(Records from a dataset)
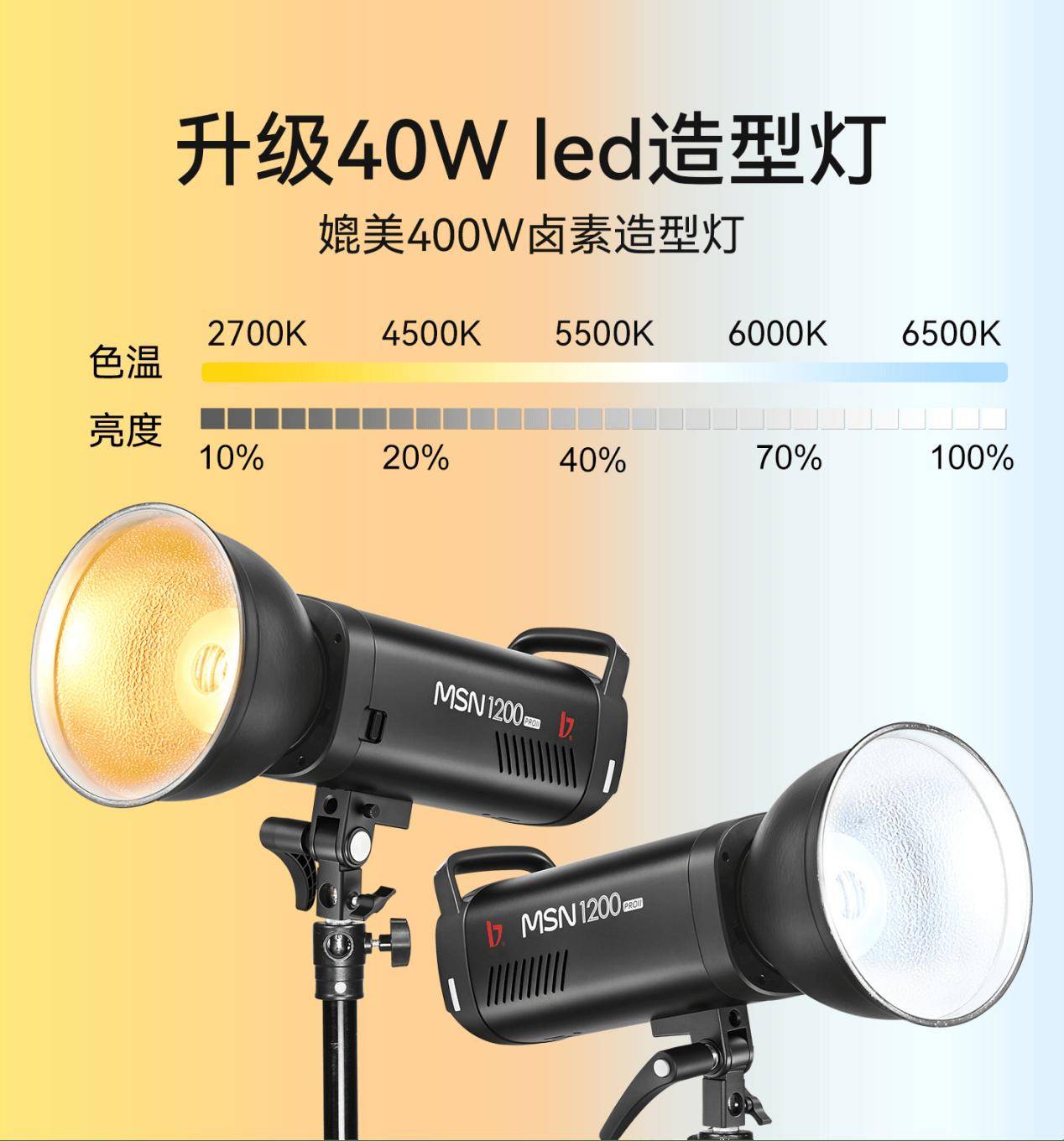 另外,MSN PRO II系列高速闪光灯还配备了40W的双色温(2700K-6500K)造型灯,支持1%-100%亮度调节,方便摄影师在正式闪光前预构图和观察光影效果。此外,还可以当作常亮灯使用,造型灯显色指数Ra>97可以还原场景的真实感,拍摄现场花絮也可以少布置一盏灯节省空间。
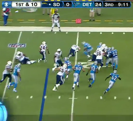 - Again, nice day run blocking by the Chargers tight ends and backs. Lots of effort…we like!
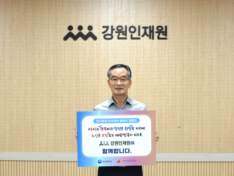 [강원도 세계타임즈=김민석 기자] 강원인재원(원장 김학철)은 5월 7일 ‘인구문제 인식개선 릴레이 캠페인’에 동참하였다. 이번 캠페인은 급격한 인구 감소에 대한 사회적 경각심을 높이고, 지방소멸 위기 대응을 위한 국민적 공감대를 확산하고자 보건복지부와 한국보건복지인재원이 공동으로 마련하였다.
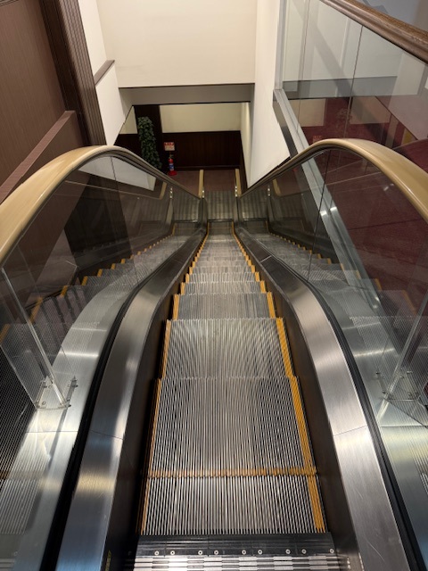 レストランに行きます。あ、エスカレーターがありました。下にお風呂があるそうですが、そこから上がるのがきついとの声で設置されたそうです。福岡の和白にもエスカレーターはありましたね。
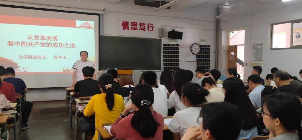 6月16日下午,文学院于文科楼317教室开展“从党章发展看中国共产党的成功之道”专题党课学习活动,本次党课由文学院党总支书记宋建修主持,文学院副院长段圣玉主讲,文学院全体师生党员到场参加。
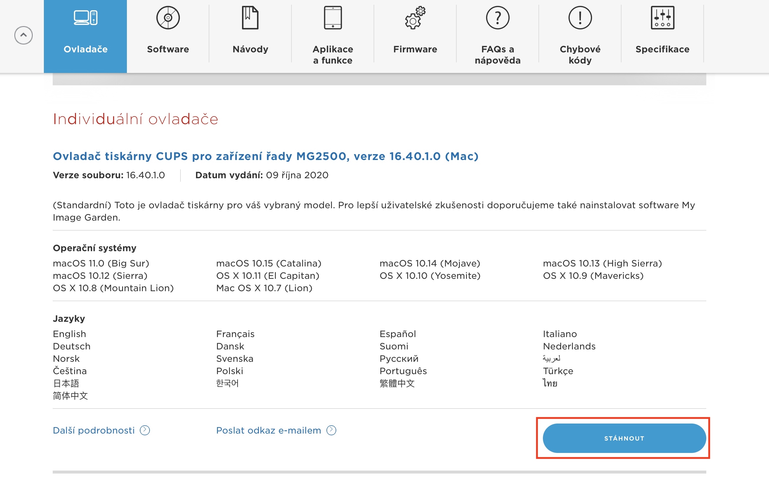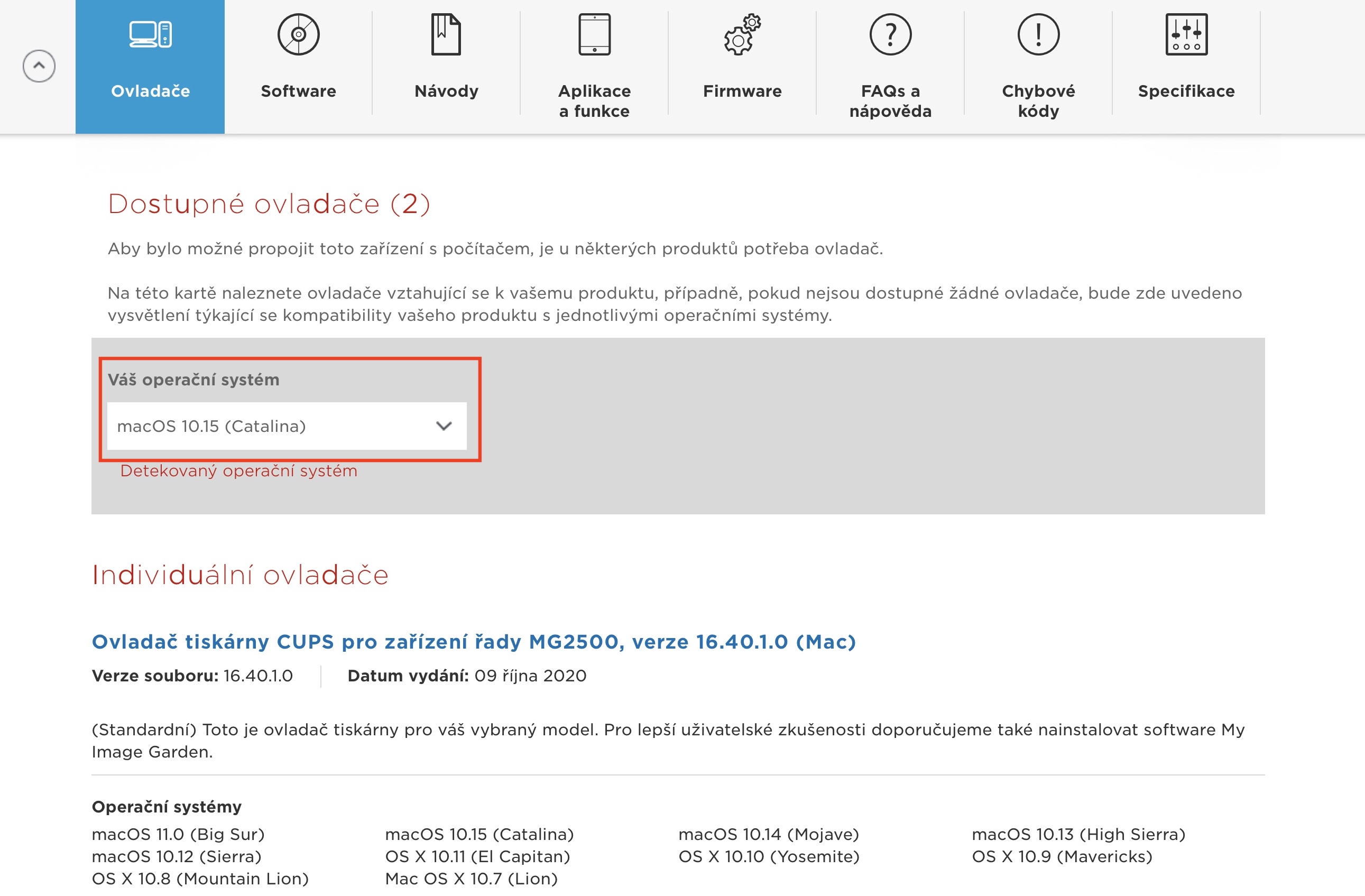 - V mnoha případech dojde k automatické detekci verze vašeho operačního systému macOS. Nejčastěji dojde k tomu, že konkrétní ovladač není k dispozici na vaši aktuální verzi macOS, ale na tu několik let starou.
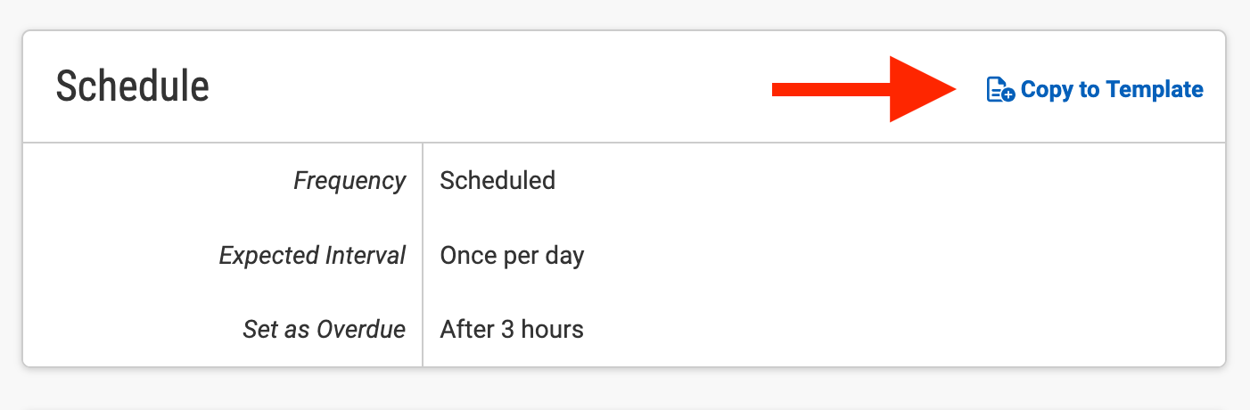 If you'd like to copy settings from an existing check to a template, simply view the check you'd like to copy settings from. You'll see new Copy to Template buttons in the Status, Schedule & Notifications sections.

● **TASK STATEMENT**: In the answer, include exactly the lines from the one containing "- Again, nice" through the end of the records above and no pictures at all.

● **RESPONSE TO THIS TASK**:
 - Again, nice day run blocking by the Chargers tight ends and backs. Lots of effort…we like!
 [강원도 세계타임즈=김민석 기자] 강원인재원(원장 김학철)은 5월 7일 ‘인구문제 인식개선 릴레이 캠페인’에 동참하였다. 이번 캠페인은 급격한 인구 감소에 대한 사회적 경각심을 높이고, 지방소멸 위기 대응을 위한 국민적 공감대를 확산하고자 보건복지부와 한국보건복지인재원이 공동으로 마련하였다.
 レストランに行きます。あ、エスカレーターがありました。下にお風呂があるそうですが、そこから上がるのがきついとの声で設置されたそうです。福岡の和白にもエスカレーターはありましたね。
 6月16日下午,文学院于文科楼317教室开展“从党章发展看中国共产党的成功之道”专题党课学习活动,本次党课由文学院党总支书记宋建修主持,文学院副院长段圣玉主讲,文学院全体师生党员到场参加。
 - V mnoha případech dojde k automatické detekci verze vašeho operačního systému macOS. Nejčastěji dojde k tomu, že konkrétní ovladač není k dispozici na vaši aktuální verzi macOS, ale na tu několik let starou.
 If you'd like to copy settings from an existing check to a template, simply view the check you'd like to copy settings from. You'll see new Copy to Template buttons in the Status, Schedule & Notifications sections.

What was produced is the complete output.